● Supplied material:
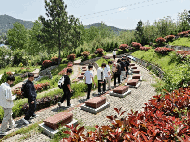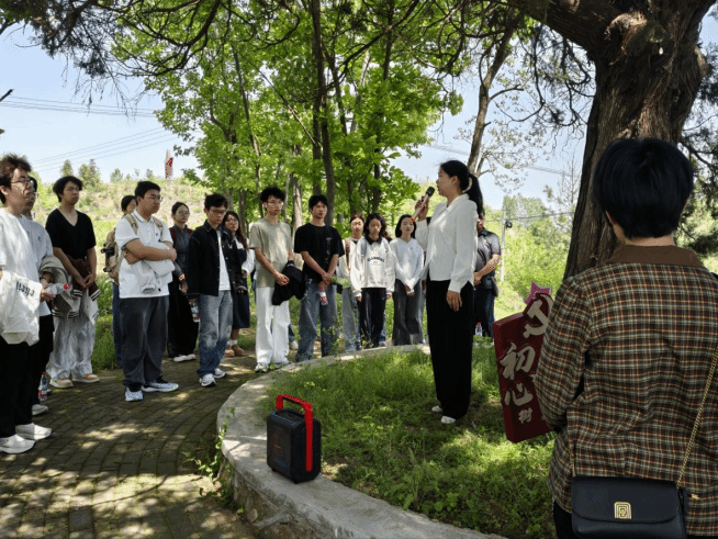 随后,大家来到枝繁叶茂的“初心树”下,在讲解员的深情讲述中,秦光远将军和55名烈士的英勇事迹仿佛穿越时空,将大家带回了那段军民同心、浴血奋战的峥嵘岁月,让在场的每一位师生都深受触动。
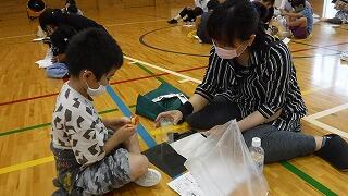 学年委員さんが作り方の手順を分かり易く書いた紙を用意してくださり、それを見ながら親子で万華鏡づくりに取り組みました。身近な材料や道具を使って、手作りの万華鏡が出来上がり、子どもたちは嬉しそうにのぞき込んでいました。雨の中でのうっとうしい日でしたが、親子での活動は、ゆったりとした時間が流れ、心癒される温かな時間になったことと思います。
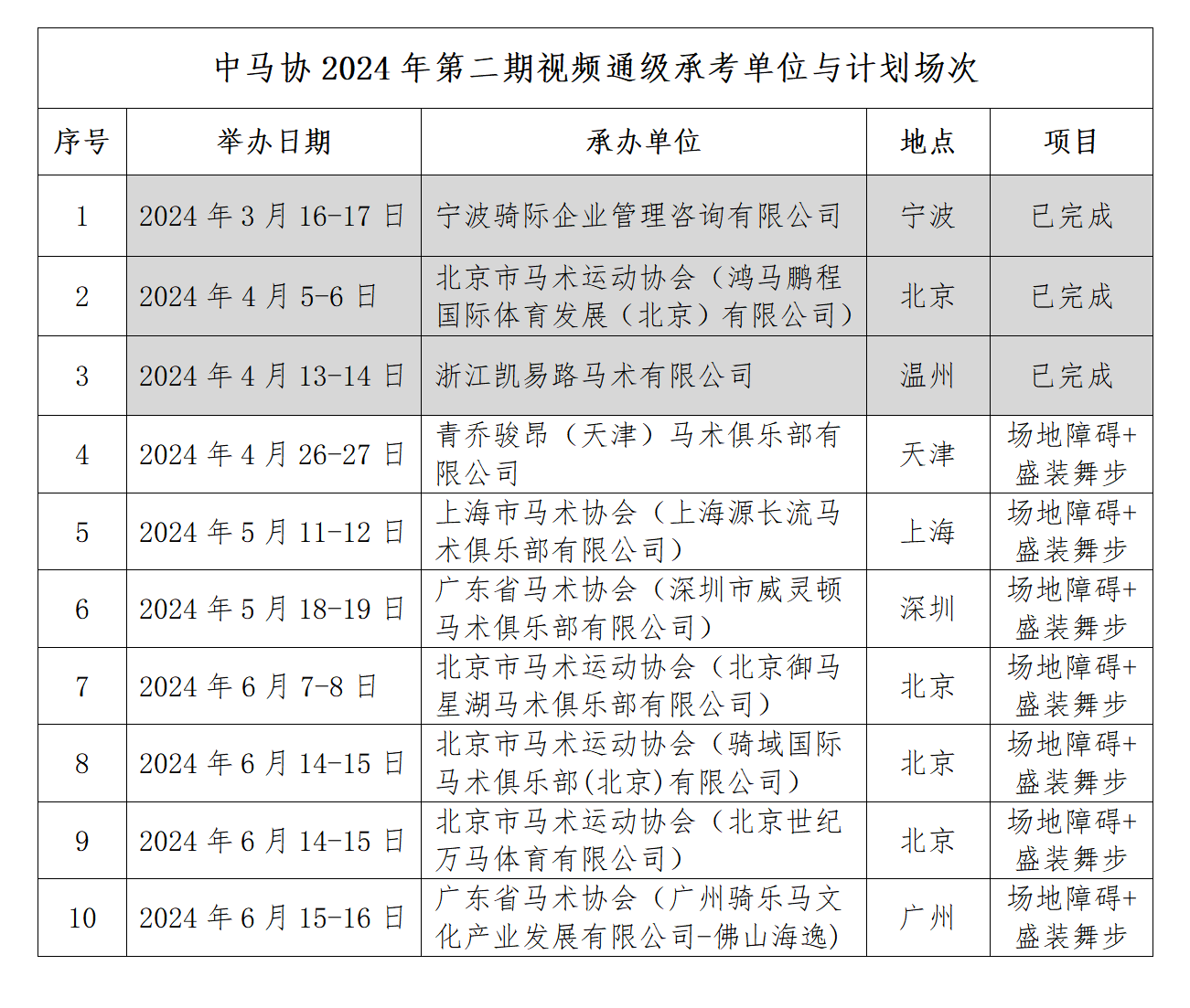 中馬協(xié)關(guān)于公布第二期視頻通級(jí)考核計(jì)劃的通知

● Work to be completed: Copying starts at the line containing "学年委員さんが作り方の手順を" and ends at the last line of the material above; repeat only those lines exactly and omit the pictures.

● Exercise result:
 学年委員さんが作り方の手順を分かり易く書いた紙を用意してくださり、それを見ながら親子で万華鏡づくりに取り組みました。身近な材料や道具を使って、手作りの万華鏡が出来上がり、子どもたちは嬉しそうにのぞき込んでいました。雨の中でのうっとうしい日でしたが、親子での活動は、ゆったりとした時間が流れ、心癒される温かな時間になったことと思います。
 中馬協(xié)關(guān)于公布第二期視頻通級(jí)考核計(jì)劃的通知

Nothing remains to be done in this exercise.